Comcast-TW Cable Opposition Heats Up Even With Another FCC Delay

Opponents of the Comcast-Time Warner Cable merger are prepping for the next round of verbal brawling on Tuesday, the FCC’s deadline for more comments regarding the pros and cons of the $45 billion deal.

Separately, the FCC on Monday implemented another delay of the time clock governing the schedule of its review. The commission said that FCC recently discovered some 31,000 Comcast-TW Cable documents that would not be delivered to the commission until Dec. 30 because of a “vendor delay.” Earlier, 7,000 documents arrived Dec. 9-10 after being withheld because Comcast-TW Cable believed they were protected by attorney-client privilege.

Given the data dump, the FCC opted to stop the 180-day time clock, a guiding principle designed to prevent the deal review process from dragging on infinitely, to give staff time to review the documents. With the new Jan. 12 restart date, the FCC is expected to hold its vote on the proposed merger by the end of March.

The FCC did not change the Dec. 23 deadline for reply comments to the lengthy response to earlier comments that Comcast filed with the commission on Sept. 24. That filing was noted for its aggressive stance against critics of the deal.

Satcaster Dish Network used that against Comcast in its reply comment filed Tuesday. Dish, a company known for its pugnacious approach to dealmaking, has been one of the most vocal industry opponents of the union of the nation’s two largest cable operators.

It speaks volumes about the current concerns about the health of traditional pay TV providers that Dish’s 40-plus page reply comment focuses largely on the impact of a combined Comcast-TW Cable on the broadband market. Dish is in the midst of assembling an over-the-top channel package to be distributed via broadband. The filing spells out numerous ways that it fears Comcast-TW Cable could interfere with or squash the nascent service because of its big footprint in broadcast.

Dish’s filing calls Comcast’s discussion of arguments made by merger opponents “hectoring, high-handed, strident, shrill… It gives us a view into the post-merger world that the Applicants will create if the commission approves this transaction. … The arrogant tone and sense of entitlement on display provide useful insight into how the combined company will treat the American consumer and competitors if this merger is approved.”

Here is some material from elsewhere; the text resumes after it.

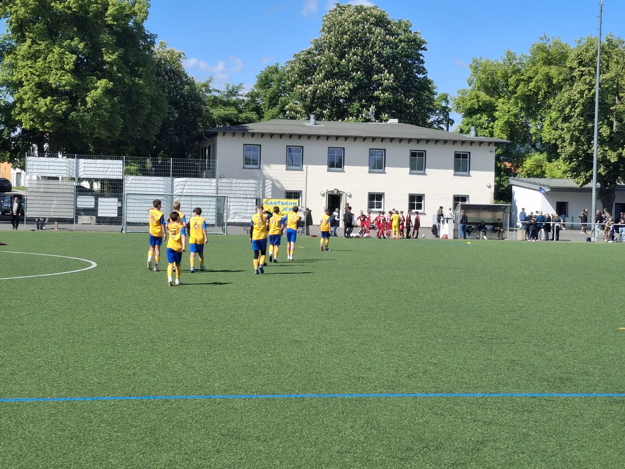 Zum erwartet schwierigen Auswärtsspiel bei Thüringen Jena II reisten gestern die D1 Junioren des VfR. Auf dem tollen Kunstrasen der Sportanlage "Am Jenzig" und bei bestem Fußballwetter fand das Kräftemessen zwischen dem aktuellen Tabellendritten (VfR - 37 Punkte) und dem Tabellenvierten (Jena - 35 Punkte) statt. Die Trainer warnten ausdrücklich vor den spielstarken Saalestädtern, die uns bereits im Hinspiel besiegen konnten. Doch es waren keine 3 Minuten gespielt und schon zappelte der Ball nach einer Unachtsamkeit in unserem (Tor-) Netz. Die Anfangsphase gehörte ganz klar unserem Gegner, der uns läuferisch und mit einer sehr robusten Spielweise deutlich den Schneid abkaufte. Hinzu kamen immer wieder Fehlabspiele, falsche Entscheidungen und kleinere Unachtsamkeiten auf unserer Seite. Nur sehr langsam fanden wir nach und nach in die Partie und konnten froh sein, dass es nur mit dem 1:0 in die Halbzeitpause ging. Dazu kam noch die verletzungsbedingte Auswechslung von Jamie in der 20. Minute, nach einem überharten Einsteigen seines Gegenspielers, welches aber für diesen folgenlos blieb. Nach aufmunterten Worten der Trainer und auch einer kleinen Umstellung kamen wir dann stärker aus der Kabine. WIr hatten deutlich mehr Spielanteile und erarbeiteten uns teils hochkarätige Torchancen gegen die nun tiefer stehenden und verteidigenden Jenaer. Doch entweder scheiterten wir an der eigenen Ungenauigkeit, dem Pfosten oder auch dem starken Gästekeeper. Dazu kamen weiter die teils sehr aggressive Spielweise unseres Gegners und die nicht immer glücklichen bzw. konsequenten Entscheidungen des jungen Schiris. Doch das soll auf keinen Fall als Entschuldigung herhalten, da es vor allem an uns lag, dass wir einfach am gestrigen Tag nie ein richtiges Mittel dagegen und auch nicht zu unserer wahren Leistungsstärke fanden. So stand nach 60 Minuten eine sehr bittere Niederlage zu Buche und dem "Sprung" von Jena an uns vorbei auf Platz 3. Dies gilt es nun schnell zu verdauen, denn bereits am kommenden Mittwoch kommt es zur nächsten Kracherpartie im Heimspiel gegen Steudnitz, einem Favoriten auf den Staffelsieg. Hier sind wir dann auf Wiedergutmachung aus und wollen zeigen, was wirklich in uns steckt !

In a nutshell, Dish reiterates its view that the expanded Comcast will use its reach and clout to drive consumers to its own services at the expense of competitors. The filing lays out three “choke points” in the process of delivering data and video to the home where Comcast-TW Cable would have enormous sway over key technological decisions.

The larger company would also have that much more leverage to demand high fees for carrying NBCUniversal cable channels — or withhold them entirely to prevent a potential competitor from getting off the ground, according to Dish.

Dish scoffed at Comcast’s assertion that its broadband pipes would not discriminate against content from rival companies because it would lose broadband customers in the long run. Dish cited Comcast’s internal stats that would appear to indicate that the company has a low churn rate of broadband customers. (Dish’s filing was heavily redacted when referencing financial info and proprietary data.)

“Comcast is almost like the Hotel California of broadband, an establishment guests can check into but never leave,” Dish’s filing asserted.

More reply comments are expected on Tuesday. The Stop Mega Comcast Coalition, a collection of industry players, including Dish and media watchdog groups, will hold a media conference call to discuss the filings and promo their effort to torpedo the deal.

Comcast had no comment on Dish’s filing. The company did respond to the FCC’s delay of the review time clock.

“This limited and defined three-week clock stoppage allows FCC staff to review the new materials, and we remain on track for the transaction review to be concluded early in 2015. We are pleased that the FCC did not delay the December 23 reply comment deadline so that work on the transaction will continue, and we’ll be filing our final comments tomorrow.”